The media scares us into thinking birth is akin to illness and surgery and emergency (oh my!) or even a horrible amalgam of all three. You all know how it goes: It starts with the water breaking in a "SKOOSH!" (which actually happens less than 5% of the time, pre-labor) the frantic grabbing of the suitcase to make way for the hospital, the mother screaming obscenities and demanding drugs in the car and down the hospital corridor, the father-to-be frantically making phone calls, passing out or looking helplessly on as the doctor -who always slides in at the last moment- shouts, "PUSH!" with nurses standing by like cheerleaders in scrubs with shiny instruments instead of pom poms.

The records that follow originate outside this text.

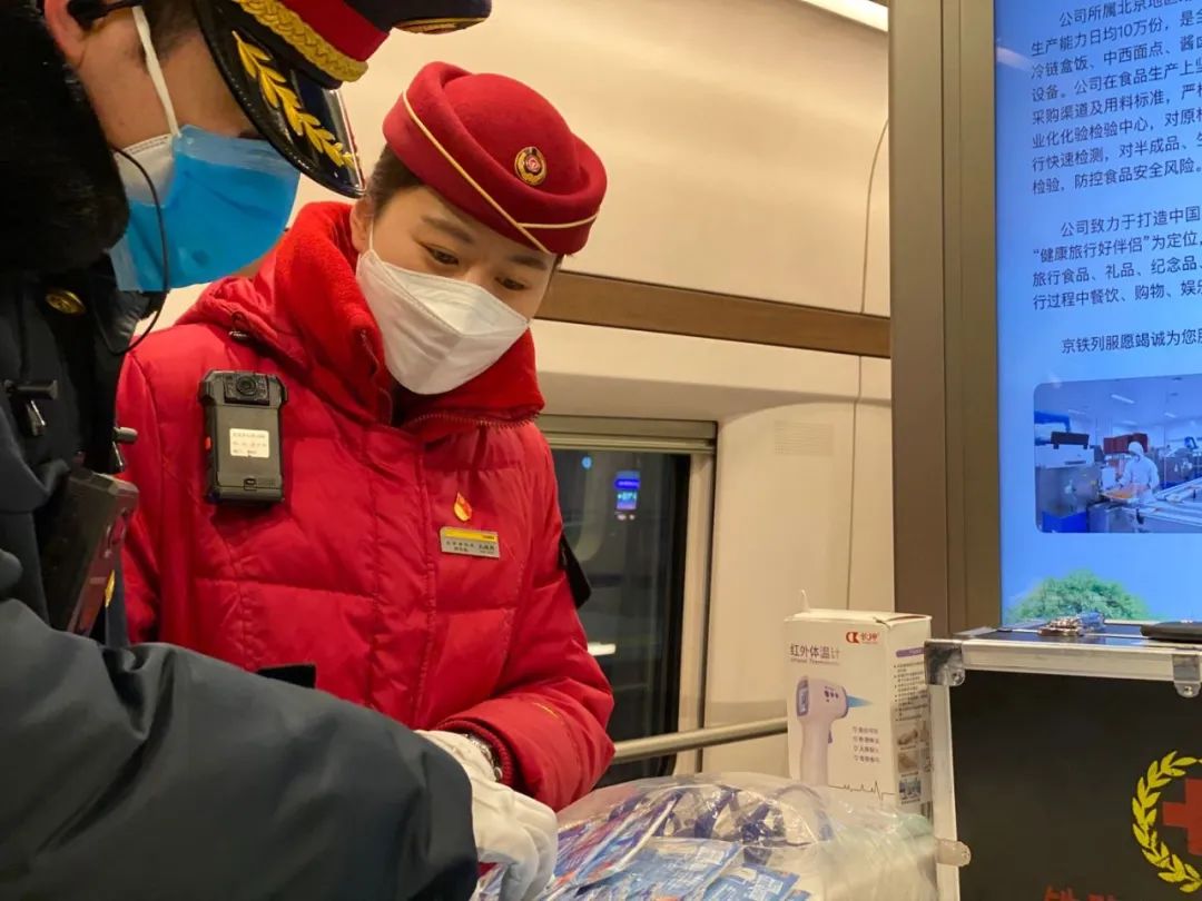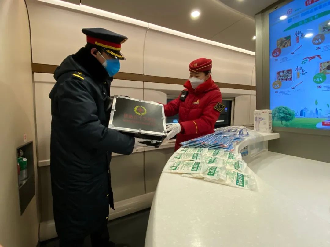 孔維爽:按照防控要求,列車配備應(yīng)急處置藥箱一套,包括一次性醫(yī)用口罩、一次性手套、護(hù)目鏡、體溫計(jì)、防護(hù)服、消毒劑等。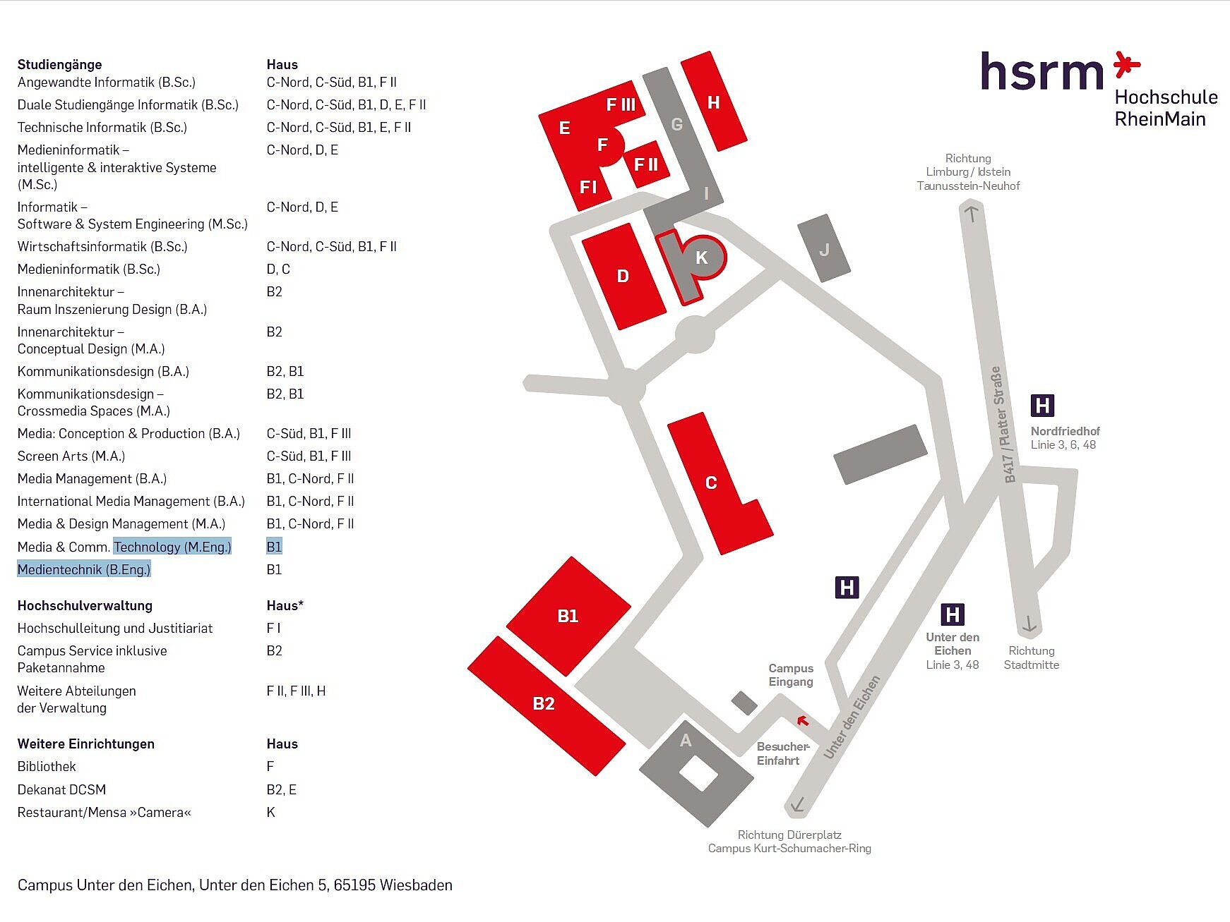 Auf dem Campus Unter den Eichen stehen nach vorheriger Anmeldung für Besucher:innen kostenlose Parkplätze zur Verfügung. Das Parkplatzangebot rund um den Campus ist beschränkt.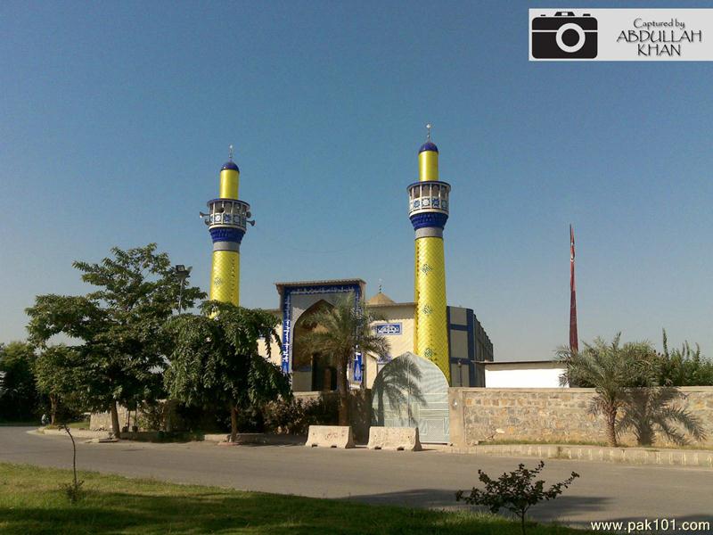 A picture of a lovely Mosque with golden pillars at Islamabad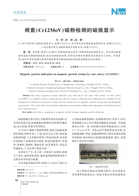 摘 要:某阀套( 材料 Cr12MoV ) 的磁粉检测过程中, 内壁出现线性磁痕显示。经过荧光渗透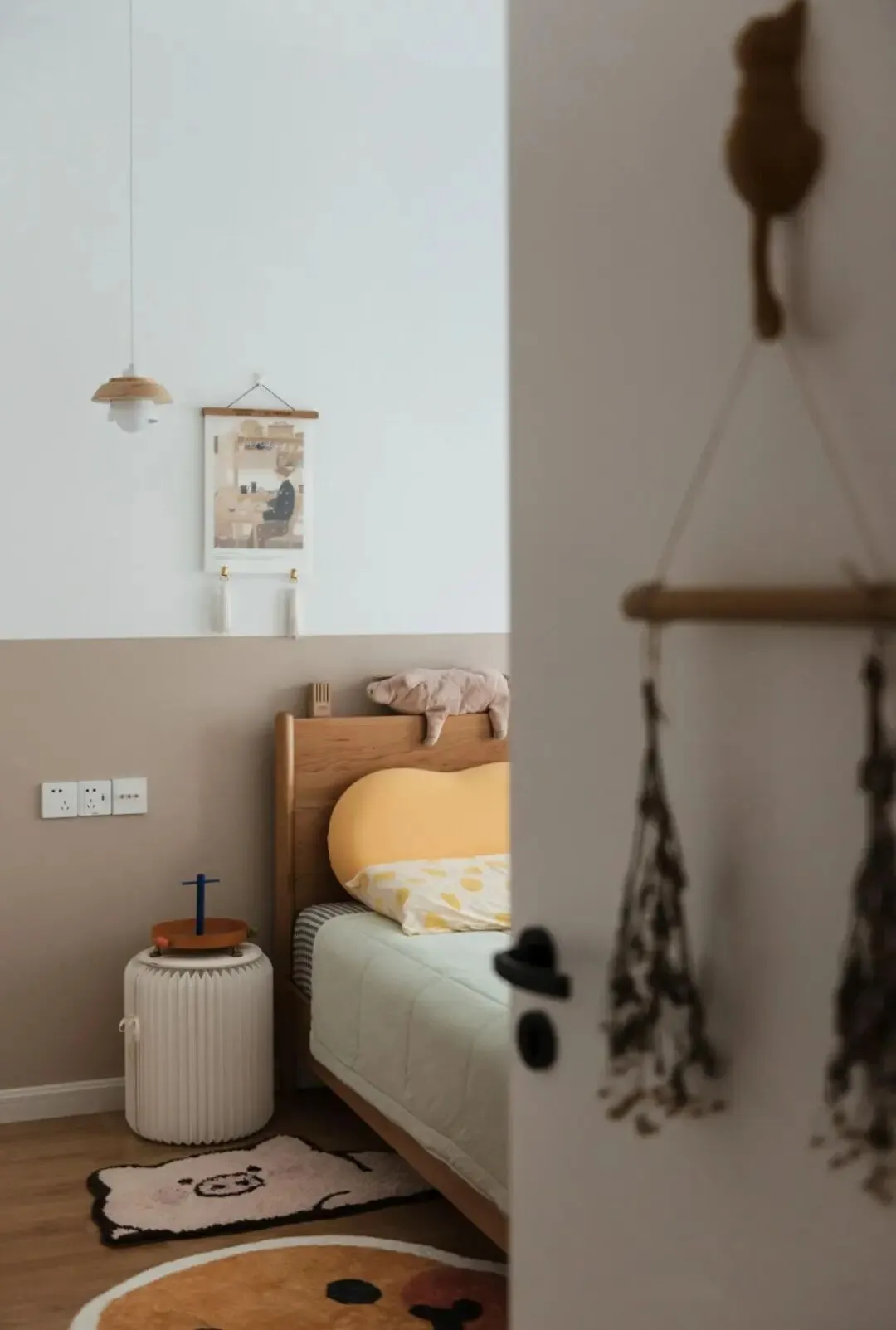 奶咖色的乳胶漆拼刷白色乳胶漆,让整个床头背景墙简约有层次,大地色系带来的踏实感搭配原木家具让人感到无比踏实。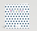 Blaue Punkte auf weißer, quadratischer Karte - mehr braucht es nicht für eine gelungene Geburtstagskarte? Aber ja, denn erst das reduzierte Punktmuster in blau bringt den bunten englischen Schriftzug „Happy Birthday“ so richtig zur Geltung und gibt dieser modernen Geburtstagskarte eine fröhliche Note! Damit Ihre internationalen Kunden und Geschäftspartner gleich auf den ersten Blick sehen, wer Ihnen so geschmackvoll zum Geburtstag gratuliert, kann Ihr Logo auf der Vorderseite platziert werden.

I suppose some births happen that way, but I know for a fact after much reading, research and conversing with other mothers that this is not
"normal". You know what? BIRTH is normal. My midwife agrees.
I gave birth to my sons (my oldest two children) at The Women's Health and Birth Center
. It is also where I plan to give birth to my third son, Patrick, any time now. (My daughter was born in a hospital due to my insurance policy and severe hyper emesis, but that's a story for a different time) I was drawn there 10 years ago with my first pregnancy, after reading about the benefits of water birthing
. I had drown the majority of my pregnancy aches in the bathtub, why not try it during labor? The instant relaxation helps the mother let the body do what it needs to- a key element I've now found in my own birth experiences. The warm water increases circulation, making each contraction more effective. The buoyancy takes the pressure off of the back & legs and the residual tightness of each contraction. The water increases skin elasticity, making any tearing much less likely. The list goes on, Google it or check the link!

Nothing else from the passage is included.